[Excerpts from a dataset]
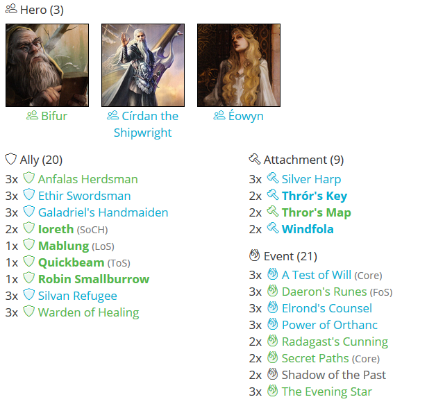 The second point he mentions is that a Rossiel Deck is easy to set up. I first wanted to go this route, but when I was double checking the rules, I saw I played this quest wrong all the time: I always thought the Hinder keywords means that enemies deal not damage when attacking but remove that number of progress from the quest, but in fact they don’t attack and you remove one damage per engaged enemy. That way, using Rossiel as a quester and defender is irrelevant and I build the deck even more focused on willpower, starting with the only 4 Willpower heroes that can quest without an attachment: Cirdan and Eowyn. I decided to go with both spirit versions, because that way I can easily play this 2 Cost/2 Willpower allies. Our last hero will be Bifur to play the Lore questing allies as well.
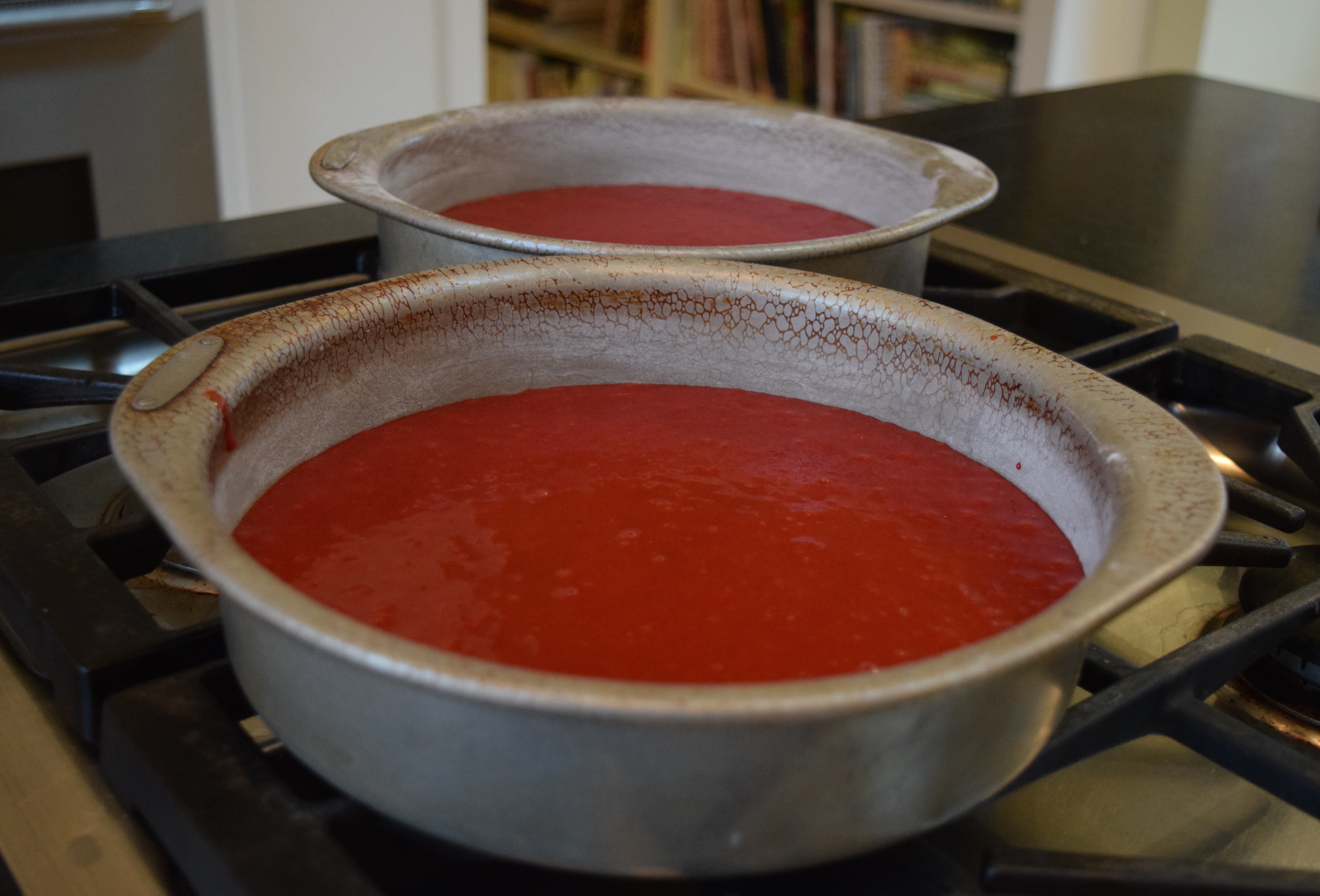 I enjoy making special-request cakes for loved ones on their birthdays. I was especially delighted when my son asked me to make a red velvet cake for his girlfriend, Lily, when she turned 21. I browsed through several cookbooks looking for a good recipe. My first three attempts were not pretty. The turning point came when I added strong coffee to the batter. It boosted the chocolate flavor in extraordinary ways. Now I look for reasons to make this cake!
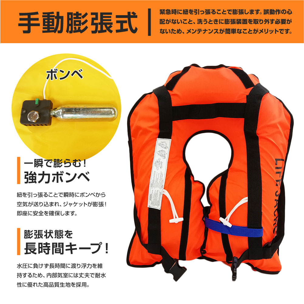 ライフジャケット 手動膨張式 腰タイプ 腰 ウエスト ベルト型 ベルト 青 ブルー 海 川 ボート カヤック 釣り 救命胴衣 男女兼用 大人用
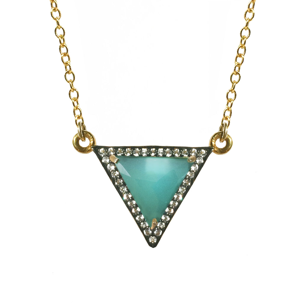 Discover the serene beauty of our handcrafted triangle necklace featuring luminous blue-green chalcedony and sparkling white topaz pavé set in sterling silver.
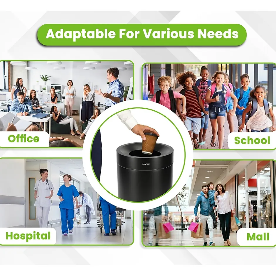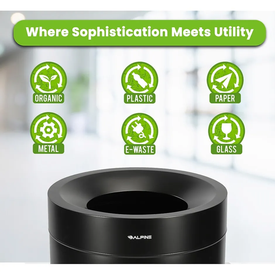 When equipping your business’s interior with waste receptacles, you want to be reassured it will survive constant daily use and also will aesthetically add to your environment. The Alpine matte black trash can is the perfect color to add an upscale and visually appealing element to your decor. It will add a modern feel for your customers and show that you have taken the time to invest in a high-end, trendy accessory.
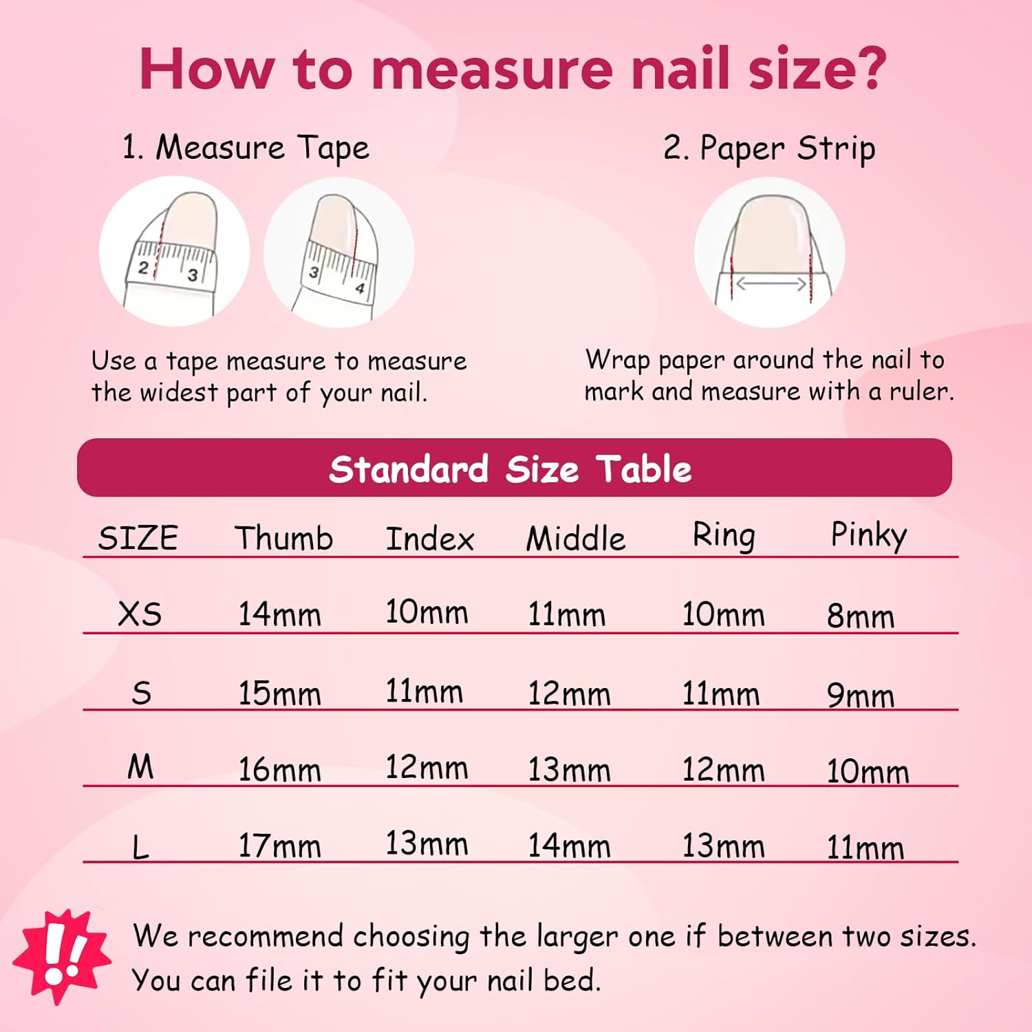 • Size Selection: Refer to the size chart in product details. Choose the size matching your nail width. If between sizes, pick the larger one for a comfortable fit.
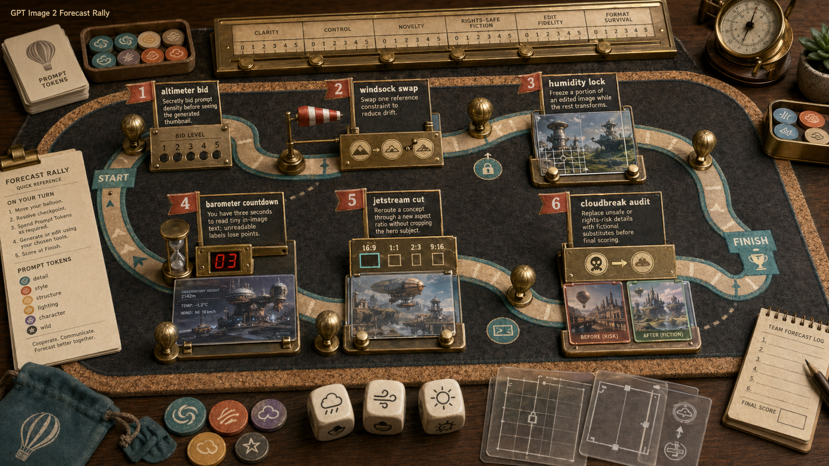 Create one original GPT Image 2 derived-play concept image as a 16:9 landscape scene. Title inside the image, small and legible: "GPT Image 2 Forecast Rally". Core format: a cooperative tabletop weather-rally game derived from the Visual Weather Station idea. This must be a single playable route map across a cork-and-felt table, not a contact sheet, not a 2x3 grid, not separate cards, not a circular rules machine, not pinball, not a film stage, not a greenhouse. Players move tiny brass weather-balloon tokens along a looping forecast route, spending prompt tokens and sliding transparent forecast strips over fictional mini-thumbnails. Six original play mechanics shown as named route checkpoints and physical game components: 1. "altimeter bid" players secretly bid prompt density before seeing the generated thumbnail. 2. "windsock swap" players swap one reference constraint to reduce drift. 3. "humidity lock" players freeze a portion of an edited image while the rest transforms. 4. "barometer countdown" players have three seconds to read tiny in-image text; unreadable labels lose points. 5. "jetstream cut" players reroute a concept through a new aspect ratio without cropping the hero subject. 6. "cloudbreak audit" players replace unsafe or rights-risk details with fictional substitutes before final scoring. Scoring rail: clarity, control, novelty, rights-safe fiction, edit fidelity, format survival. Include small tokens, dice with abstract weather icons, transparent overlays, a brass score counter, miniature balloons, and a printed rule slip. All names, sample products, places, and thumbnails are fictional. Visual language: sophisticated tabletop product photography plus whimsical engineering props; cork, dark felt, brass, vellum overlays, teal route lines, vermilion checkpoint flags, ivory cards. Clear readable short labels. Avoid real brands. Avoid trademarks. Avoid celebrities. Avoid public figures. Avoid copyrighted characters. Avoid political persuasion. Avoid elections. Avoid party symbols. Avoid harmful instructions. Avoid sexual content. Avoid nude content. Avoid explicit content. Avoid graphic violence. Avoid gore. Avoid blood. Avoid weapons. Avoid watermarks. Composition: low oblique tabletop view with the looping route crossing the image diagonally; six checkpoint devices are part of one continuous board game, not boxed panels. The image should feel like a complete playable artifact someone could pick up and use.
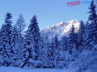 Puzzle Ośnieżone, Zima, Góry, Drzewa
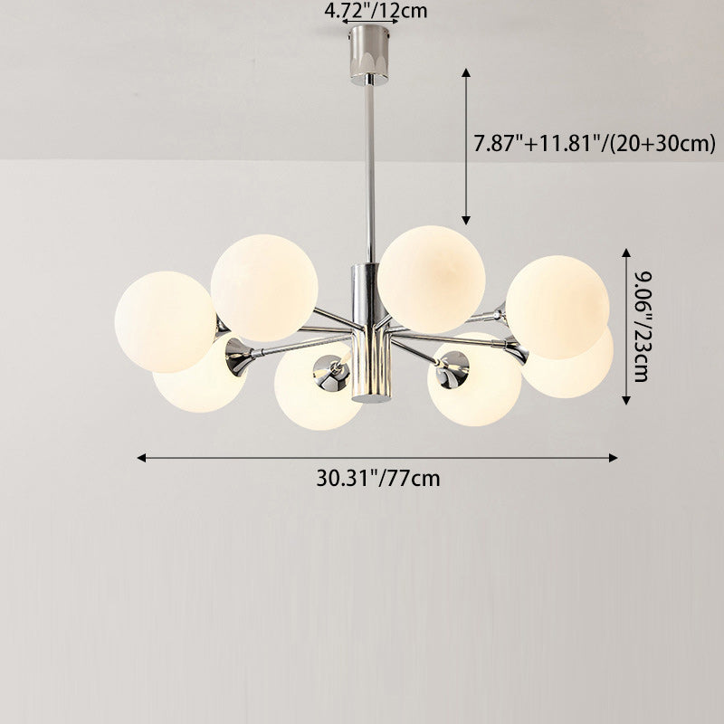モダンで芸術的なシャンデリアは、クロームボディと白いガラスシェードが特徴的な、枝をモチーフにしたユニークなデザインです。寝室やリビングルームにスタイリッシュで居心地の良い雰囲気を演出するのに最適です。柔らかく均一な光を提供し、耐腐食性と耐高温性を備えています。バウハウスと北欧デザインを融合させた、クリエイティブな空間をお探しの方に最適です。

TASK DESCRIPTION → For this exercise, set down the lines in the entries above from the one with "ライフジャケット 手動膨張式 腰タイプ" through the one with "Discover the serene" exactly as written, without any pictures.

SOLVED EXERCISE →
 ライフジャケット 手動膨張式 腰タイプ 腰 ウエスト ベルト型 ベルト 青 ブルー 海 川 ボート カヤック 釣り 救命胴衣 男女兼用 大人用
 Discover the serene beauty of our handcrafted triangle necklace featuring luminous blue-green chalcedony and sparkling white topaz pavé set in sterling silver.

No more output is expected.